DIRECTIONS FOR THIS TASK: Which lines run from the line with "매도세는 22년도에 엄청" through the line with "リング ヒスイ ダイヤ" in the entries below? Print them exactly, both ends included, and nothing more.

SOURCE MATERIAL:
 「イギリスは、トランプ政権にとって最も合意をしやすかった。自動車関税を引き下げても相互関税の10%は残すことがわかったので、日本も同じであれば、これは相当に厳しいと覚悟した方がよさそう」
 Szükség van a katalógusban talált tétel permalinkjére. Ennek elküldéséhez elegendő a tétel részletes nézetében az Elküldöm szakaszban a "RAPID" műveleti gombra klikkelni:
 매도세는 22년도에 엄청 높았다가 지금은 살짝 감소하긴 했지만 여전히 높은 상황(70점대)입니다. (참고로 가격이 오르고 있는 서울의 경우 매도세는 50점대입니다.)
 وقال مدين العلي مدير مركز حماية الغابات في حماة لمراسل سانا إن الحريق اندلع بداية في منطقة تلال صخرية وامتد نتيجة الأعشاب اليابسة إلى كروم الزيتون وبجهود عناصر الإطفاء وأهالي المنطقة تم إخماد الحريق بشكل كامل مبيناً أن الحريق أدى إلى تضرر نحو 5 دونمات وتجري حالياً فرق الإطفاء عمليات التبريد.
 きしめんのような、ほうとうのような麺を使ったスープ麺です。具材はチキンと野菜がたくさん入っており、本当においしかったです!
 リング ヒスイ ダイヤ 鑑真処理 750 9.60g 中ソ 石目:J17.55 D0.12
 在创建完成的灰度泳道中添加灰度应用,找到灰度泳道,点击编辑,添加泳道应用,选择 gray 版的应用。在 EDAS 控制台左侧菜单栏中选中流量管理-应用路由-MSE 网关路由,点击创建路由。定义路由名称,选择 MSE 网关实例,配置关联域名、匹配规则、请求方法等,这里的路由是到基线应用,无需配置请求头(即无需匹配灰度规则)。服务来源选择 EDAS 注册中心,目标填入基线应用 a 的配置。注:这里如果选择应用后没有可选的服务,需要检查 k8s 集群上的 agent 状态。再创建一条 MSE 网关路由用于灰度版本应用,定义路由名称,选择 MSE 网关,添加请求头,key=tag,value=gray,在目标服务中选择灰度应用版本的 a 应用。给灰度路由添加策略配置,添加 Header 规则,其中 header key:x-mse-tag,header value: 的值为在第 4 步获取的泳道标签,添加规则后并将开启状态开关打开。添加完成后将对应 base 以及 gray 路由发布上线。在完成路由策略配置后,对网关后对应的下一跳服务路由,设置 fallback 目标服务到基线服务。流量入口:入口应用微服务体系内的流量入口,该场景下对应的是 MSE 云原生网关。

---

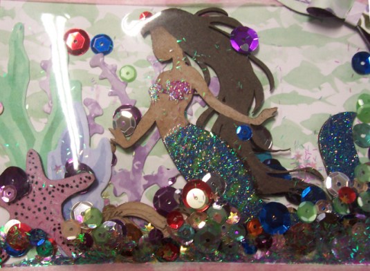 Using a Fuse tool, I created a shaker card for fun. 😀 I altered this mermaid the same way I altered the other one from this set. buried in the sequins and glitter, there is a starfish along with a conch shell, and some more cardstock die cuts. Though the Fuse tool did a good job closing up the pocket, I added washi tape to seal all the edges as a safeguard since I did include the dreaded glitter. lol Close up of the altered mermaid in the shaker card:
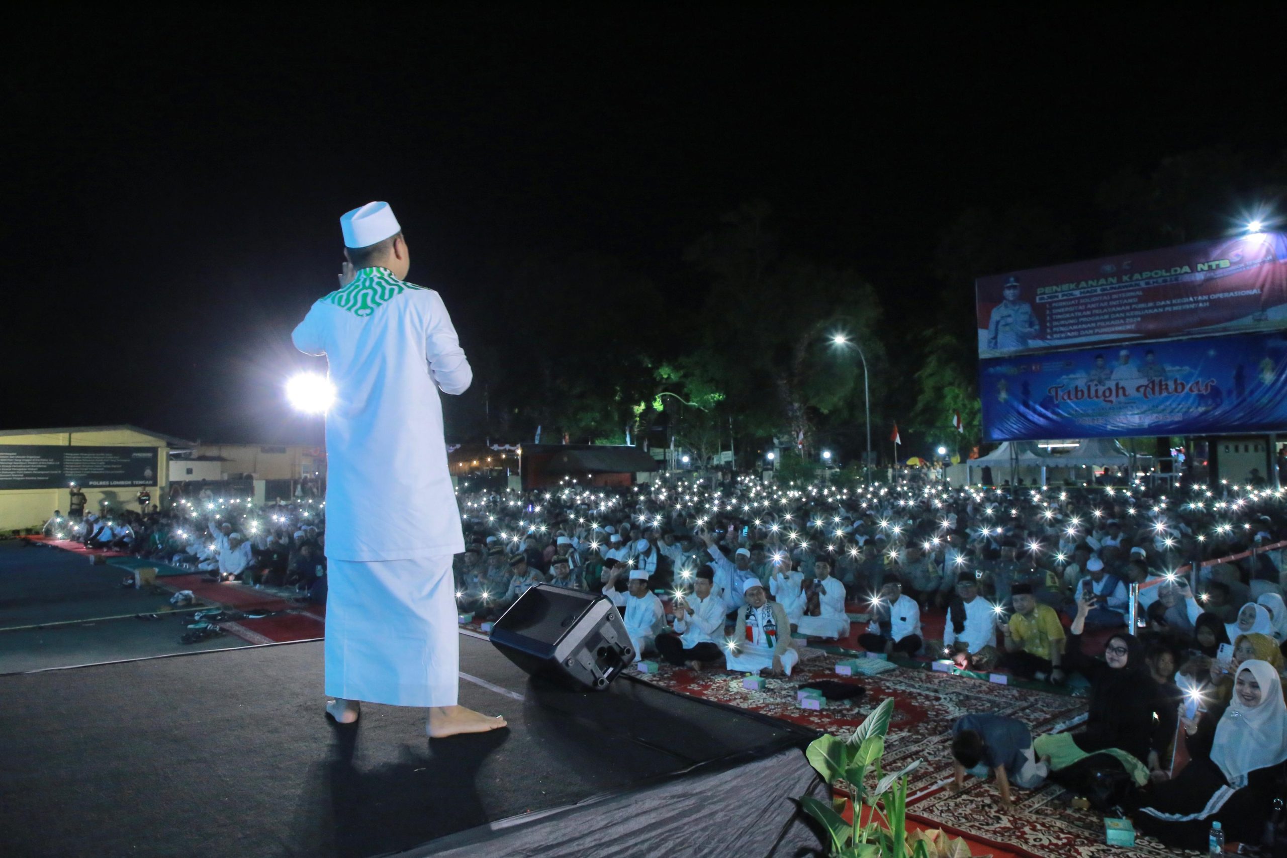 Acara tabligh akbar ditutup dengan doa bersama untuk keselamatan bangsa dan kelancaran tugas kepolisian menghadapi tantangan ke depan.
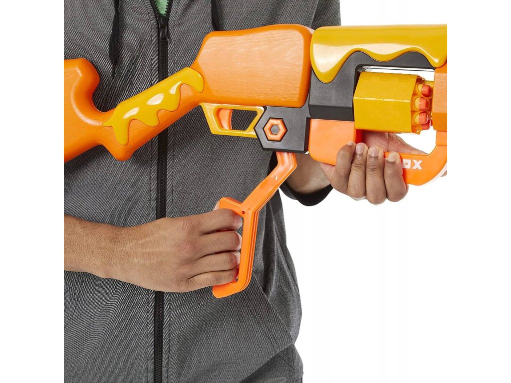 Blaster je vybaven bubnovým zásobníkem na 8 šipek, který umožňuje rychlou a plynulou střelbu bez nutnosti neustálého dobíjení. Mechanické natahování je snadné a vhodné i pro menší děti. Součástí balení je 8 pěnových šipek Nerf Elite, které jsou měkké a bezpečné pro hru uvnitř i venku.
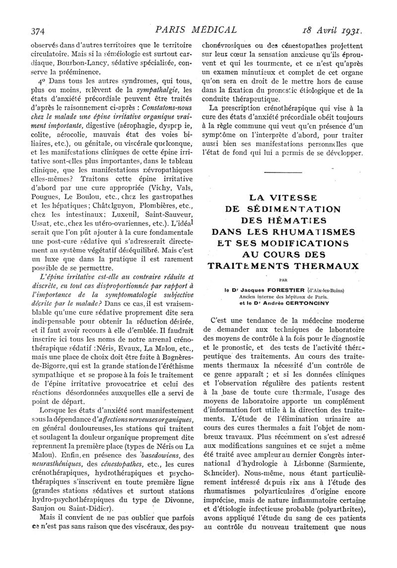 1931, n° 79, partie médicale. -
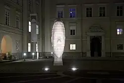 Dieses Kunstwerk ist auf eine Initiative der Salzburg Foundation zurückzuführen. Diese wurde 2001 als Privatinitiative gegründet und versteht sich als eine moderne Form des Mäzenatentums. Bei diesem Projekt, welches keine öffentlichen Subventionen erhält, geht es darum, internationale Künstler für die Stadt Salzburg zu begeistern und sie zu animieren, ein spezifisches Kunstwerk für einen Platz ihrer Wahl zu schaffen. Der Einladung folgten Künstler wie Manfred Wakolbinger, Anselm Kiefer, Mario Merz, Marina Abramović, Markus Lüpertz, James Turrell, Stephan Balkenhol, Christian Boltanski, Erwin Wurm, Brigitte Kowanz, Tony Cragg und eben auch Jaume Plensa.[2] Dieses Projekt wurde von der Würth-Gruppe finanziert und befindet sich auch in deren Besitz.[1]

THE COMPLETED TASK:
 매도세는 22년도에 엄청 높았다가 지금은 살짝 감소하긴 했지만 여전히 높은 상황(70점대)입니다. (참고로 가격이 오르고 있는 서울의 경우 매도세는 50점대입니다.)
 وقال مدين العلي مدير مركز حماية الغابات في حماة لمراسل سانا إن الحريق اندلع بداية في منطقة تلال صخرية وامتد نتيجة الأعشاب اليابسة إلى كروم الزيتون وبجهود عناصر الإطفاء وأهالي المنطقة تم إخماد الحريق بشكل كامل مبيناً أن الحريق أدى إلى تضرر نحو 5 دونمات وتجري حالياً فرق الإطفاء عمليات التبريد.
 きしめんのような、ほうとうのような麺を使ったスープ麺です。具材はチキンと野菜がたくさん入っており、本当においしかったです!
 リング ヒスイ ダイヤ 鑑真処理 750 9.60g 中ソ 石目:J17.55 D0.12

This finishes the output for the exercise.